The company that has also recommended bonus shares in the ratio of 1:1 for its shareholders, will, however, need to ramp up its operations to handle competition from Muthoot Finance which has just gone public and flush with cash, will be even more aggressive to defend its turf.

Manappuram General Finance scrip was trading 3 per cent higher at Rs 135.85 at mid-day trade on Friday, valuing the company at Rs 5,659 crore ($1.28 billion) or 20x its trailing net profit and 7.7x its EBITDA.

This should set the right benchmark for investors who bet on the IPO of the larger peer Muthoot Finance to expect a listing gain.

"Muthoot is a much bigger player. Its total income for the first eight months of the year ended November, 2010, stood at Rs 1,301 crore with net profit of Rs 291.5 crore.
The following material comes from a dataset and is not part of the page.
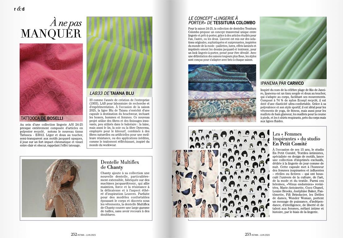 Dans le numéro de juillet 2023, on y parle d’En Petit Comité et de cette capsule « femmes inspirantes » que je présenterai en avant-première au salon Première Vision Designs. Et ça me met en joie ! Pourquoi ?

And its full-year earnings may easily be over Rs 400 crore. At the upper end of the IPO price band of Rs 175 per share, Muthoot will be able to generate a valuation of around Rs 6,500 crore or $1.47 billion, giving it a valuation multiple of just around 16x net profit or even lower, thus making it cheaper stock than Manappuram."

Although Manappuram and Muthoot heavily depend on southern Indian for their gold-backed lending business, they are also trying to make themselves more pan-national in operations. How they win other markets may well decide who is able to maintain its growth momentum, at least in the short-to-medium term.

But investors in both the firms also need to factor in an inherent risk profile of the two companies. Rising gold prices allow them to lend more to consumers but in case there is a sudden decline in gold prices, the value of the collateral may drop suddenly, threatening many loans to turn bad. Also, these two firms are more ‘gold geared’, compared to other financial institutions like Shriram City Union Finance who also lend against gold deposits but derive a large part of the business through the traditional lending means.

Although their business model makes them more flexible in lending to a vast number of those who need immediate cash against minimal paperwork, compared to banks and other lenders such as consumer finance firms, they can face challenges in growth in the long term when formal banking services expand. But for now, the gold party continues.